You can kill as many as you want - I'm all for another bounty on them!

Here in WI they reintroduced the wolf. Heaven help you if you accidentally kill a wolf instead of a coyote. One guy killed one and took it to a taxidermist. It was the same size as a yote and looked the same, but turned out it was a young wolf. I thought the news reported that he was going to be cited, but I can't find that article. This one says the penalty is $2,000 (https://www.channel3000.com/news/14588677/detail.html)


----------



## switchback (Oct 1, 2009)

Sounds like a yote hunt is in order.


----------



## LunaticFringeInc (Oct 6, 2009)

I agree too, sounds like a dedicated Yote hunt is in order. When they start getting the deer and Turkeys here I break out the .224 TTH and thin the population out to something a bit more reasonable. That gun is a bit of a barrel burner but if I can see it through the scope its in for a world of hurt...80grs at 3650 fps! Its still got some major gas in the tank at 400 yds and only 4.5 inches low when sighted in dead on at 200. Thats more than most educated Yotes here can dodge.


----------



## Okielawman28 (Nov 4, 2009)

running with a xd40 in your hand hmmmmm,,, maybe put that thing back in the holster before you start running, you might live longer. 

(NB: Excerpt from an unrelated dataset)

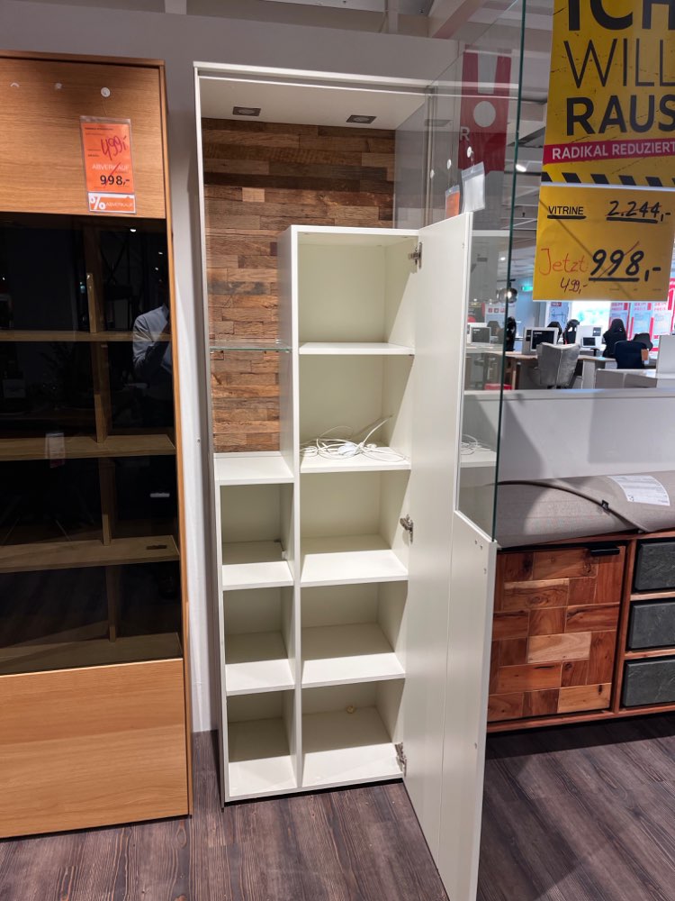 ⭐ Vitrine SENTINO, XXXLutz Karlsruhe, Artikel-Nr.: 15100184/02 ✅ Angebotspreis: 499,- € ⭐ Spezifikationen: ----------------------------------- Artikelart: Ausstellungsware ⭐ Grundriss und Abmessungen: ------------------------------------- ✏️ Masse: B62xH207xT43 cm ⭐ Farbe und Materialien: ------------------------------------- Material: Holz lackiert Farbe: Lack weiß matt ⭐ Zahlungs- und Lieferbedingungen: ------------------------------------------- Zahlungsbedingungen: EC-Karte bei Abholung Kreditkarte: Mastercard, Visa bei Abholung Vorkasse per Überweisungen Finanzierung Lieferbedingungen: Nur Selbstabholung möglich

just a friendly little tip, please dont take it the wrong way.



Chris


----------



## Zum (Nov 10, 2009)

First I've ever heard of this up here but...Acouple coyotes killed a young women at a walking park here acouple weeks ago.A couple people heard her yelling but they were to late to save her
They are always alittle erie to hear walking out the woods at night but now they are going to seem alittle more erie.


----------